В чем лежит причина? Трудно на это ответить. Вероятно, сама по себе ненормальность общего положения, зависящая от самого факта ссылки. Жил человек, был ли он студентом или кондуктором железной дороги, но он состоял при каком-то деле, над чем-то работал, был связан этой работой с общественной жизнью, и вдруг налетел шквал, закрутил человека, вырвал его из привычных условий жизни и выбросил на другой, неведомый ему берег, без привычной и часто без какой бы то ни было работы, без связи с общей жизнью, на положении какого-то не то пенсионера, это в 2025 лет, не то какого-то героя-преступника.
Я сказал без работы, и большинство было действительно без нее. Если в других ссыльных местах, как я уже сказал, отсутствие работы объяснялось прямым действием закона, то у нас оно объяснялось другими причинами. Среди нас не было ни одного врача или даже студента-медика, и, следовательно, запрещение медицинской практики на нас не падало. Учить могли бы многие, но учить было некого, об отдельном случае моей педагогической практики я уже рассказал и сообщил, что она прошла совершенно безнаказанно (к сожалению, также и совершенно бесполезно для ученика). Вообще ни одно установленное в законе ограничение в праве выбора занятия конкретно не касалось нас, так как ни одно из них не могло иметь в Шенкурске никакого применения.
Напротив, физическим трудом заниматься было возможно, и некоторые из нас сделали из него свою профессию. Один из нас начал переплетать книги; делал он это плохо, но все-таки находил заказчиков не только среди нас, но и среди горожан, и даже полицейское управление давало ему переплетать бумаги и «Собрания узаконений». Один шил сапоги и тоже находил заказчиков. Бонковский с Гриневицким летом сетями ловили рыбу и весьма удачно в реке Ваге и за лето продавали ее рублей на 3040; цифра (на двоих), конечно, не высокая, но она объясняется, во-первых, исключительной дешевизной продуктов в Шенкурске, а во-вторых, тем, что главной их покупательницей была жена Бонковского, которая столовала часть ссыльной колонии, предлагая ей хороший стол346, и, отстаивая наши интересы, усиленно торговалась с мужем и Гриневицким (последний был, конечно, тоже ее нахлебником). Жить таким трудом, конечно, было нельзя, но прирабатывать кое-что к казенному пайку можно. Духовно жить этим трудом было тоже нельзя, морального удовлетворения он бывшим студентам не давал347.
Являлась потребность чем-нибудь заполнить досуг, дать исход явной энергии. Потребность удовлетворялась картами, выпивкой, сплетничеством и ссорами, и, к сожалению, даже такие вполне способные к интеллектуальному труду люди, как Гриневицкий, были очень и очень не чужды такого обычного провинциального времяпрепровождения.
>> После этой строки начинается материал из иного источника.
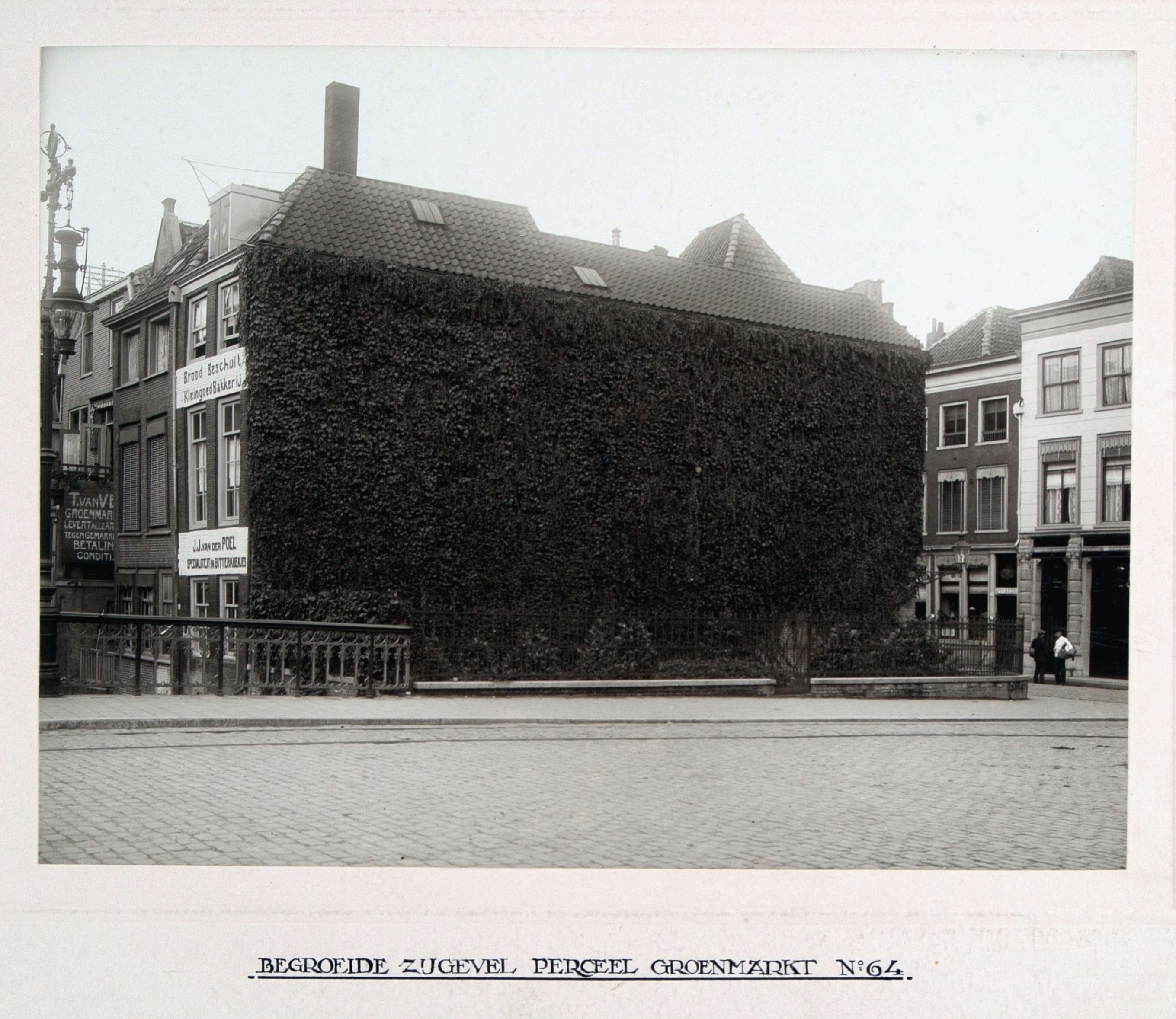 Met klimop begroeide gevel van het pand op de Visbrug hoek, Groenmarkt (rechts).

Я уже сказал, что сразу при приезде в Шенкурск застал две группы ссыльных, бывших на ножах друг с другом. К одной принадлежали Бонковские, Гриневицкий и еще одна пара Батмановы; к другой Корецкие и Гальперин. Жулковские и особенно Никоновы умели сохранять нейтралитет, хотя все же были ближе к группе Бонковских. Вслед за мной прибыли еще Гильгенберг и Бродский. Воспользовавшись таким приливом новых, а следовательно, нейтральных людей, Корецкие потребовали третейского суда между ними [и Бонковскими], и суд состоялся в составе Никонова, Жулковского, Гильгенберга, Бродского и меня в качестве председателя.
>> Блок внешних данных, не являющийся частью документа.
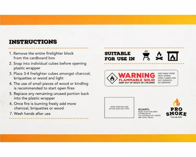 Pro Smoke Natural Fire-lighters, made from all natural materials. Completely odourless with no impact on taste. Easy to use, suitable for barbeques, open fires and indoor heating.

Бонковские предъявляли против Корецких целый ряд обвинений, которые напоминали ссору Ивана Ивановича и Ивана Никифоровича. Дело осложнялось неясными слухами о предательстве Корецкого, хотя сам Бонковский не поддерживал этого обвинения. Обвинение сводилось к ряду ничтожных мелочей, которые действительно могут при совместной жизни, а тем более в тюрьме и на этапе (а это как раз перенесли с Корецкими Бонковские), [сделать] человека совершенно невыносимым, но в которых решительно нет материала для судебного разбирательства, хотя бы и третейским судом.
Положение судей было не из приятных. Мы обратились с письменными запросами к товарищам Бонковского и Корецкого по их указаниям и получили ряд удивительно согласных друг с другом ответов, безразлично, от свидетелей которой стороны они исходили. Эти ответы сводились к следующему: слухи о предательстве ходили, но определенных данных нет; Корецкие люди дрянные, а главное, оба очень не умные, чем и объясняется многое в их поведении.
На одном из заседаний суда Корецкие стали усиленно добиваться, чтобы свидетельские письма были им показаны. Тогда мы не хотели предавать их гласности. Сперва мы отказали. Тогда Корецкая выпалила:
Я вижу, что правды мы не добьемся. Бонковская вас всех закупила своими обедами.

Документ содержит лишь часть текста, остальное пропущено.